This movie masquerades as a murder mystery, but is actually a Battle of the Sexes screwball comedy of the first water.
Bill Reardon has been pressured by his unrelenting wife, Sally, to quit his job as a detective for the District Attorney's office and open his own private detective agency. After several months, he has no clients, and is broke. He finally admits defeat and goes back to working for the DA, intending to close the office the next day, and leaving his wife to manage it. At the last minute, though, a client, Mrs. Fraser, comes into the detective agency. Desperate for income, Sally masquerades as "Operative 7" and convinces Mrs. Fraser to give her the case.
The rest of the movie is the rivalry between Sally and Bill, each trying to top the other at solving the same case. The inexperienced Sally's methods are extremely unorthodox, to say the least, and usually end up backfiring on her as they lead her at full tilt on a merry chase through a web of gambling, blackmail and murder. Bill's methods are more traditional, and he has all the horsepower of the local police department at his disposal, but somehow he always ends up, involuntarily and much to his chagrin, following a trail that Sally has blazed earlier.
There is a sequel to this film, "There's That Woman Again," this time with Virginia Bruce in the part of Sally.
Who could imagine any more urbane, sophisticated man of the world than Melvyn Douglas in "Ninotchka?" Here, as Bill Reardon, he is just as handsome, but ends up coming off as somewhat of a boob, rather easily manipulated by his wife's scheming machinations, and constantly at the end of his rope over them. This shows off his talent for comedy even better than his role in "Ninotchka" can.
Bumbling foil or not, he does end up being the one to solve the crime in the end, though.
Mary Astor is quite watchable as Mrs. Fraser, playing a hard-edged role of the type she is so good in, chilly and mysterious, but with aspects of a vulnerable victim at the same time.
Joan Blondell somehow manages to play the screwball heroine, Sally Reardon, without any of the cloying suffocation of Ida Lupino in "Lone Wolf Spy Hunt" or the stark frightfulness and outright psychosis of Katharine Hepburn in "Bringing Up Baby." I could never understand what any man would see in either of the latter two. I would run as far as I could, as fast as I could, in the opposite direction from both of them. But Blondell retains an allure and a lovableness throughout all her antics, in spite of her headstrong, independent, disruptive ways. It is pretty easy to understand why Bill puts up with everything he does from her, and still wants her back after each debacle.
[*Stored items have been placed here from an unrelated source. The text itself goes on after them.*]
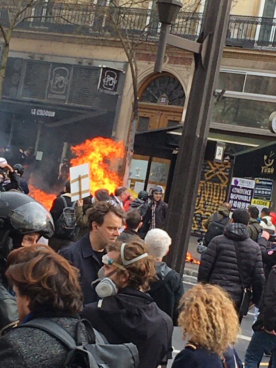 Во Франции сейчас во всю идут массовые протесты против пенсионной реформы. У меня сейчас там друзья, которые также присутствовали на протестах, расскажу немного о их впечатлениях и о том что меня немного смущает. Протесты проходят по всей Франции, в самом Париже они особо массовые. На улицу выходят люди всех возрастов и сословий. Полиция настроена агрессивно и очень мотивировано. Протестующих дубасят дубинками, обливают из водомётов и травят газовыми гранатами. Сам народ ведёт себя не менее агрессивно, в полицаев летят булыжники, витрины в центре города разбиты, поджигают киоски и мусор. Даже пожилые люди бегают с картонными гильотинами, везде звучит призыв: «Король должен умереть.» К протестам люди подготовились основательно, выходят в балаклавах, защитных очках и шлемах. Улицы Парижа завалены мусором, вонь жуткая. По мусорным пакетам бегают крысы и тараканы. Весь город пропах свалкой и горелой пластмассой. Французская власть также не хочет идти на уступки. Правительство Макро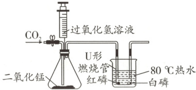 (1)关闭弹簧夹,在U形燃烧管中加入等量的白磷和红磷,浸入80℃的热水中,观察到白磷燃烧,红磷不燃烧。白磷燃烧的化学方程式为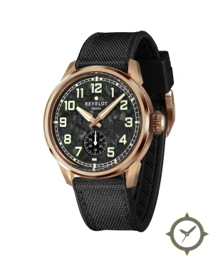 A Field watch with a bold 43mm presence on the wrist, crafted from gold featuring a black dial with a unique forged carbon / marbled carbon texture finish.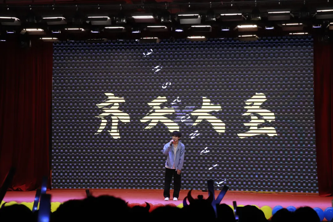 在第一轮比拼中,彭友坤同学以一首《齐天大圣》震撼全场。他一上场便赢得了阵阵欢呼,那激昂的旋律和充满力量的歌声迅速引爆全场。彭友坤同学与现场观众的互动将气氛推向高潮,现场呼声不断,观众的热情响应让整个报告大厅充满了青春的活力,最终以高分进入了冠亚军争夺赛。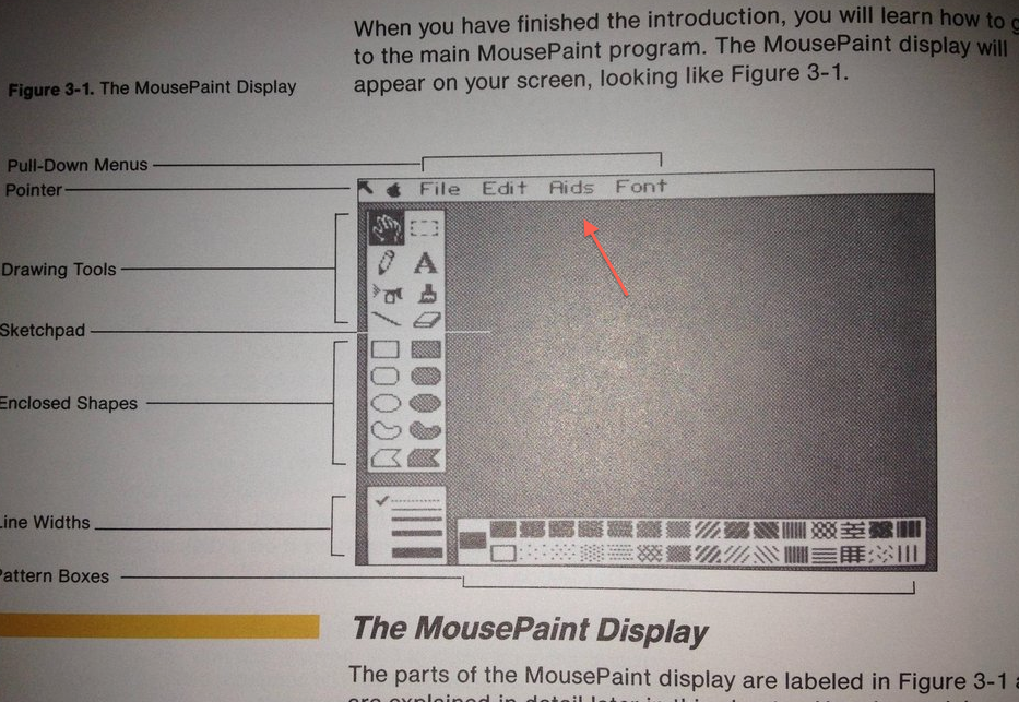 Oui, un titre bien racoleur. Au début des années 80, quand Apple a sorti MacPaint, il y avait à la base un menu AIDS (SIDA en anglais pour ceux qui ne suivent pas) dans les menus. Mais l’épidémie et la médiatisation de la maladie ont eu raison de ce menu, devenu Goodies dans la version finale. On trouve quelques images du menu original, comme dans cette photo d’un manuel de souris Apple pour le logiciel MousePaint, qui a eu le même menu.
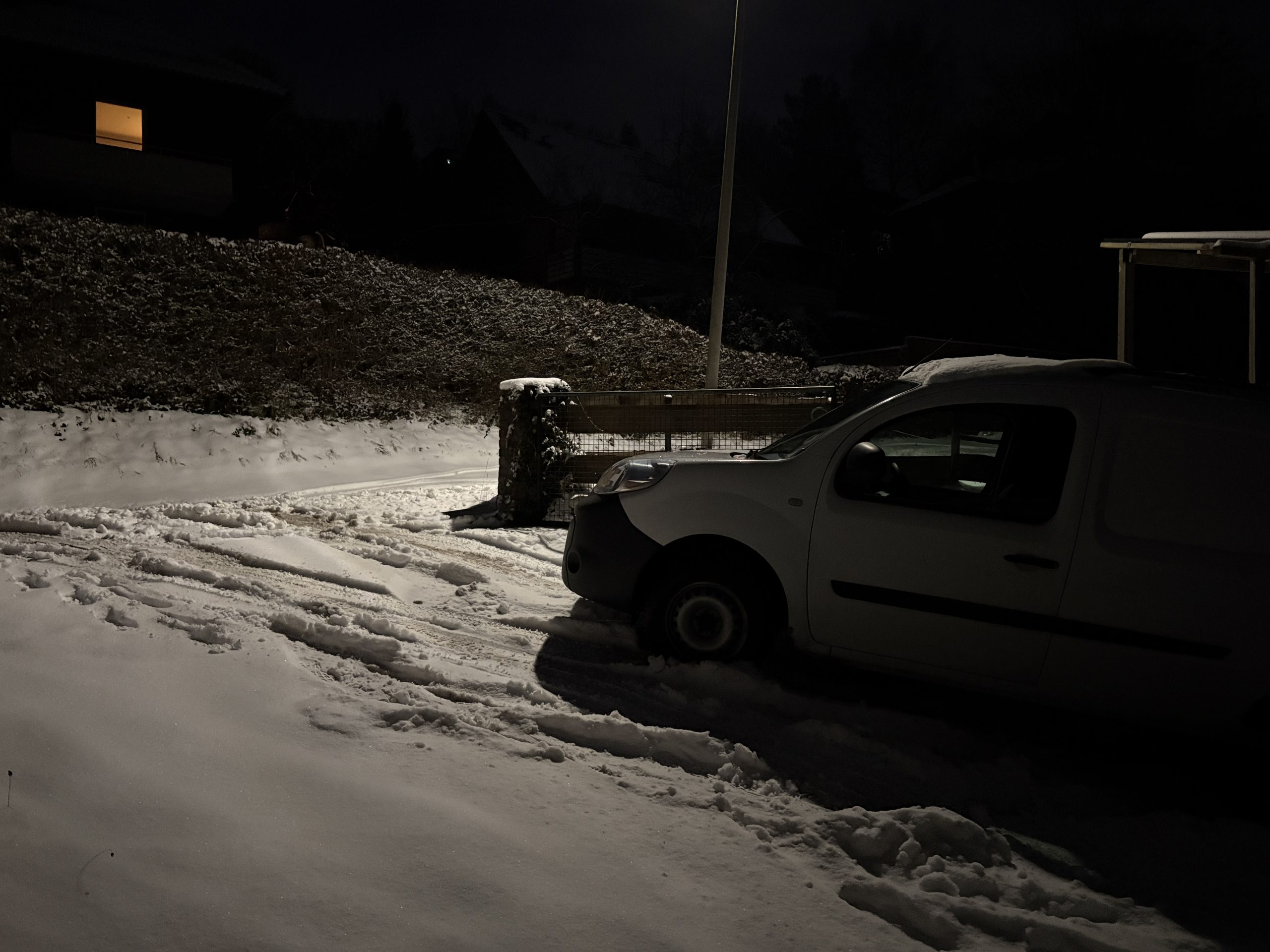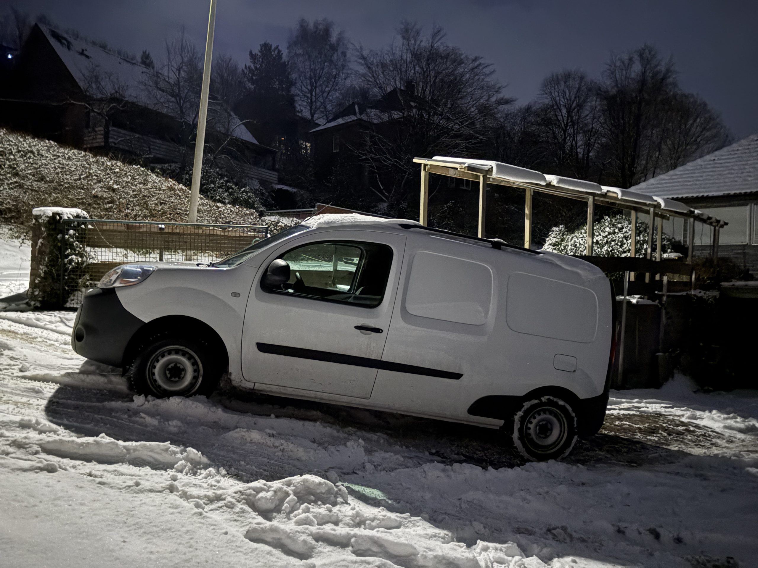Meine Grundstückszufahrt ist verhältnismässig steil. Im Gegensatz zu früheren Fahrzeugen habe ich bisher keinen Schnee räumen müssen, denn der Kangoo schafft die Steigung mit etwas Anlauf ohne grössere Probleme.

When Joan Blondell is funny, she is really quite excellent at it. And this is the best I've seen of her, rivaling "Topper Returns," or perhaps even outdoing her performance there. (Although admittedly I have only seen a fraction of the 59 movies she made in the 1930s -- an average of 6 movies a year!) She is clearly the centerpiece of this comedy, and handles it masterfully, never dropping the ball, and leading the viewer around by the nose just as easily and continuously as she does her husband.
But the real incandescence of this film is the unexpected zingers that are delivered, usually off-hand, and usually as the wrap-up of a scene. They are always unexpected, very clever, and made me laugh out loud on many more than a couple of occasions. Watch closely for them all, as they are easy to miss. They are every bit as witty as anything in any of the Thin Man or Boston Blackie movies.
A very funny movie.
(One warning: those who are sensitive to any allusion to spousal physical abuse, however playful, will not enjoy this movie.)